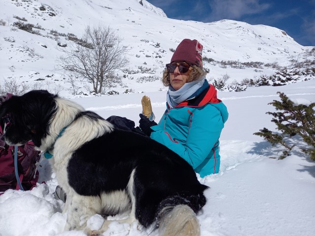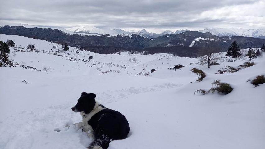 Un 7eme participant s’est invité depuis ce matin, un sympathique border collie, il fera la trace tout du long et se prendra d’affection pour Elisabeth au moment du déjeuner…
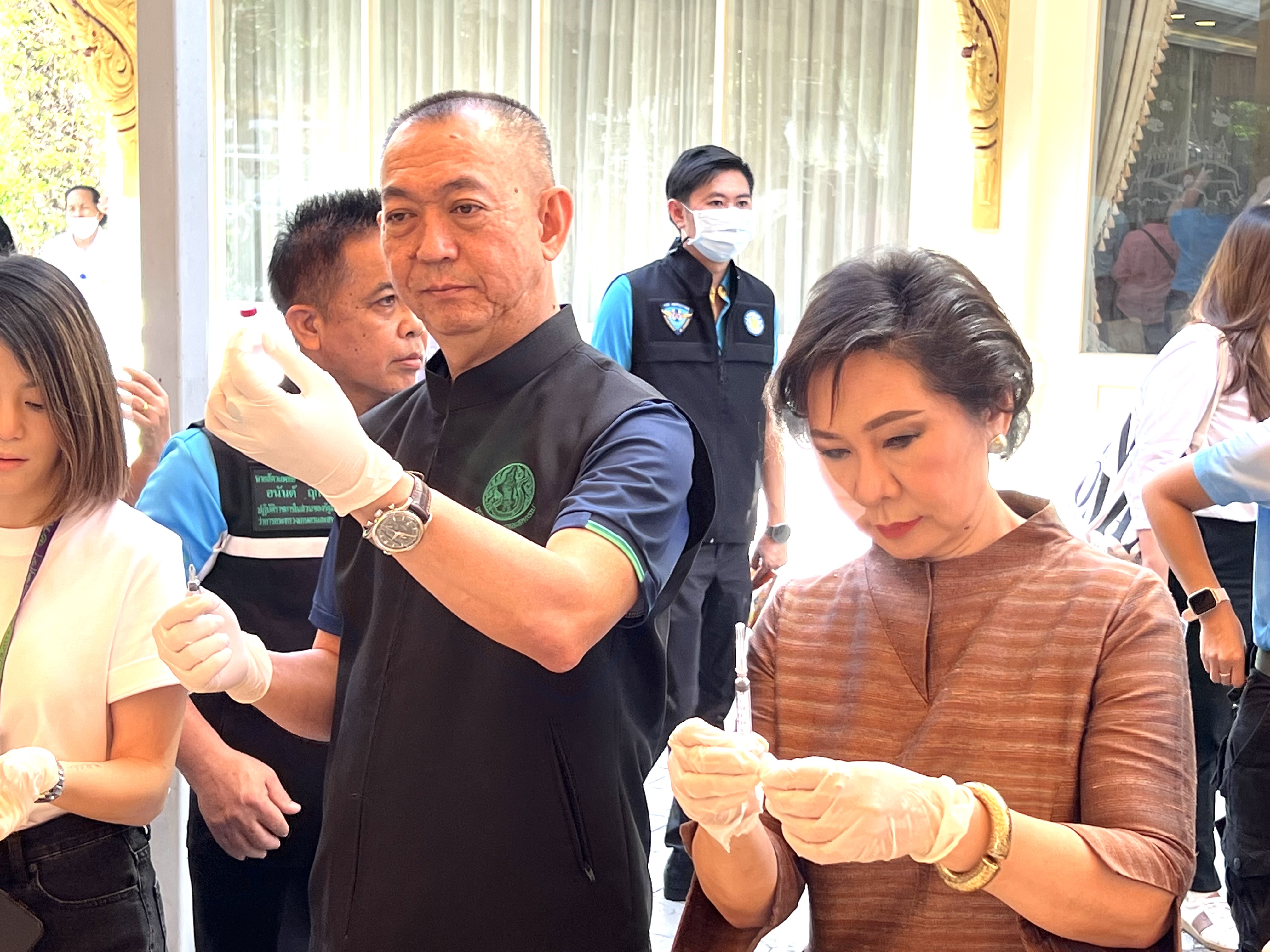 นอกจากนี้ ดร.เฉลิมชัย ศรีอ่อน รัฐมนตรีว่าการกระทรวงเกษตรและสหกรณ์ ได้นำสาธิตการผสมยาและการฉีดยาป้องกันพิษสุนัขบ้าแก่สุนัข และร่วมการรับมอบใบประกาศนียบัตรผ่านกาอบรมสร้างและพัฒนาศักยภาพอาสาปศุสัตว์ด้านโรคพิษสุนัขบ้า ดังกล่าวด้วย
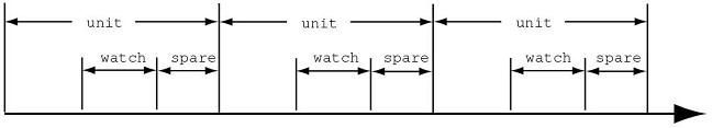 watch で示した間だけトラフィックを監視し、この間にパケットが流れなければ回線を切断する。spare は切断処理に時間がかかりすぎて、実際の切断が単位時間を越えないように余裕を持たせるために使う。

» Task requirements
Repeat the listing word for word, omitting the pictures.

» Answer to the exercise
 Un 7eme participant s’est invité depuis ce matin, un sympathique border collie, il fera la trace tout du long et se prendra d’affection pour Elisabeth au moment du déjeuner…
 นอกจากนี้ ดร.เฉลิมชัย ศรีอ่อน รัฐมนตรีว่าการกระทรวงเกษตรและสหกรณ์ ได้นำสาธิตการผสมยาและการฉีดยาป้องกันพิษสุนัขบ้าแก่สุนัข และร่วมการรับมอบใบประกาศนียบัตรผ่านกาอบรมสร้างและพัฒนาศักยภาพอาสาปศุสัตว์ด้านโรคพิษสุนัขบ้า ดังกล่าวด้วย
 watch で示した間だけトラフィックを監視し、この間にパケットが流れなければ回線を切断する。spare は切断処理に時間がかかりすぎて、実際の切断が単位時間を越えないように余裕を持たせるために使う。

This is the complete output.